Last, I note that appellants sought either a new trial or judgment non obstante veredicto. The appellees alleged that several distinct physical problems were suffered by Mrs. Stack, including a ruptured uterus (with subsequent hysterectomy), hepatitis, and a hearing loss. While the appellees’ proof of causation relative to some of these problems was not strong, in reviewing it in light of a request for judgment non obstante veredicto, “[w]e must accept the whole body of evidence in the strongest way it can reasonably be interpreted in support of the verdict and reject any evidence to the contrary”. Geiger v. Schneyer, 398 Pa. 69, 71, 157 A.2d 56, 57 (1969). In such a review, appellees’ evidence would have to be considered sufficient, even without the expert’s improper testimony, to overcome the appellants’ request for judgment non obstante veredicto.

I would therefore grant a new trial.

WATKINS, P. J., joins in this dissenting opinion.
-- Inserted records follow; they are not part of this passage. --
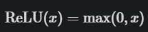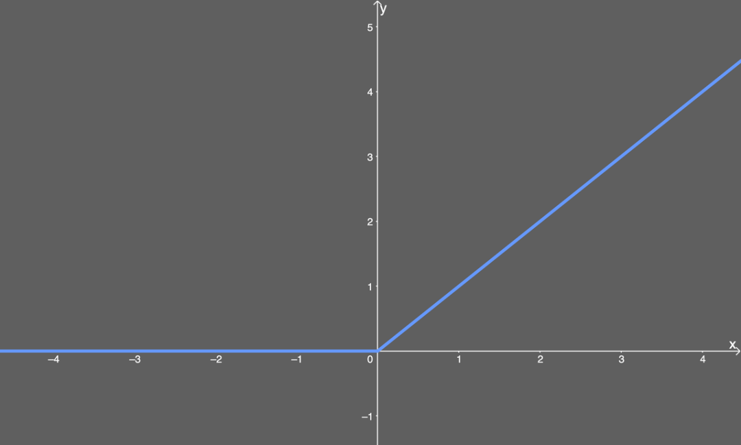 尽管我们没法用大多数工具绘制其图形,但你可以这样用图解释 ReLU。x 值小于零的一切都映射为 0 的 y 值,但 x 值大于零的一切都映射为它本身。也就是说,如果我们输入 x=1,我们得到 y=1。
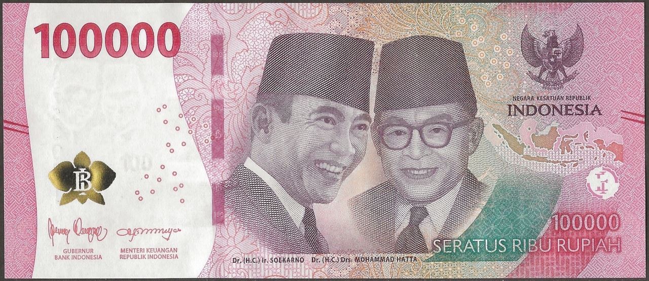 F : Indonesian text; moth orchid flower; 1st president, Sukarno; map of Indoensia; 1st vice-president, Mohammad Hatta; coat of arms; bank logo as registration device.
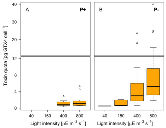 Toxin quota (pg GTX4 cell−1) at the tested light intensities. (A) Clonal (P+); (B) Clonal-P and Cross-P (P−).
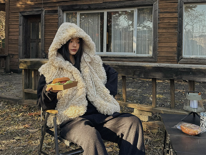 柔軟泰迪毛材質帶來溫暖舒適的穿著感
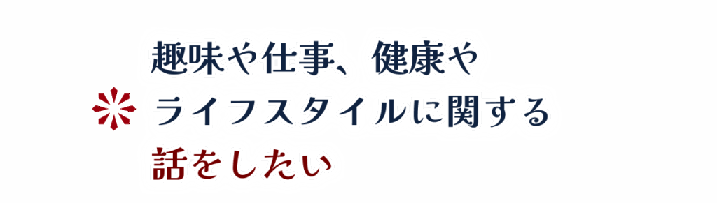 同世代の方々が出会い、趣味や仕事、健康やライフスタイルについて情報を共有できる場所となっています。
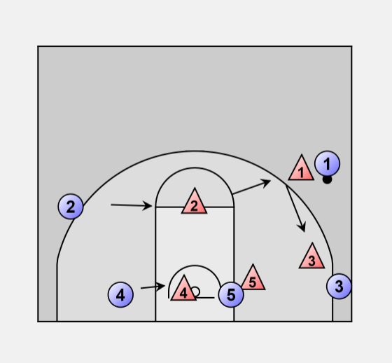 Let's say the 3 passes back to the 1 and goes to the corner followed by the one dribbling to the wing.
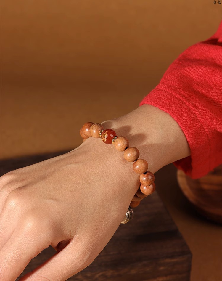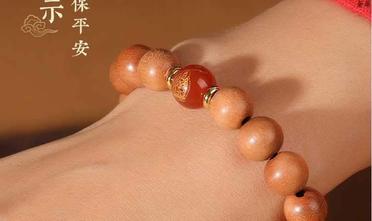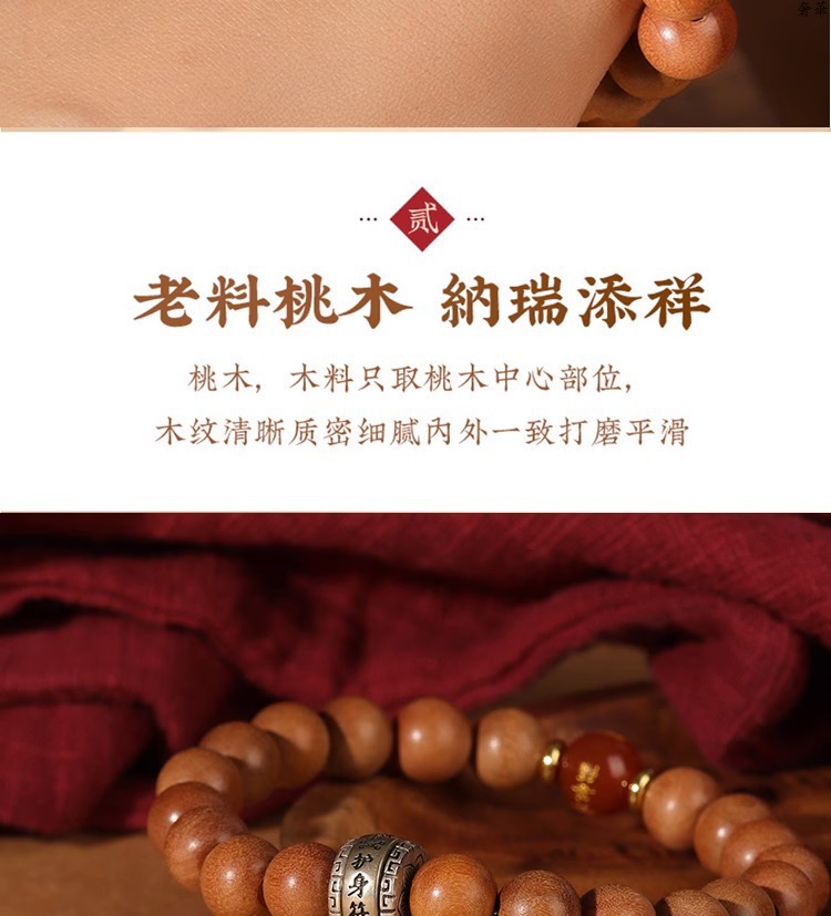 (B238817)生肖桃木瑪瑙手串男女復古手鍊文玩手串簡約兔年飾品本命年禮物"飾品批發"

. While appellee presented evidence of a hospital policy requiring that its charts contain a reference to all observations and treatment, the lack of entries could not create more than an inference that observations and treatment did not occur. For this reason, the charts constituted negative evidence. While not to be condoned in any case, there is no evidence that the lack of a complete chart could be considered a proximate cause of the medical problems which befell Mrs. Stack.

. While the majority contends that the negative evidence rule “was laid to rest”, I must respectfully disagree. Fallon v. Penn Central Transportation Company, 444 Pa. 148, 279 A.2d 164 (1971), cited by the Majority to support its position, merely indicated certain types of testimony would be considered to be positive, rather than negative. I believe Fallon supports my view that the positive versus negative evidence principle is still viable in our law.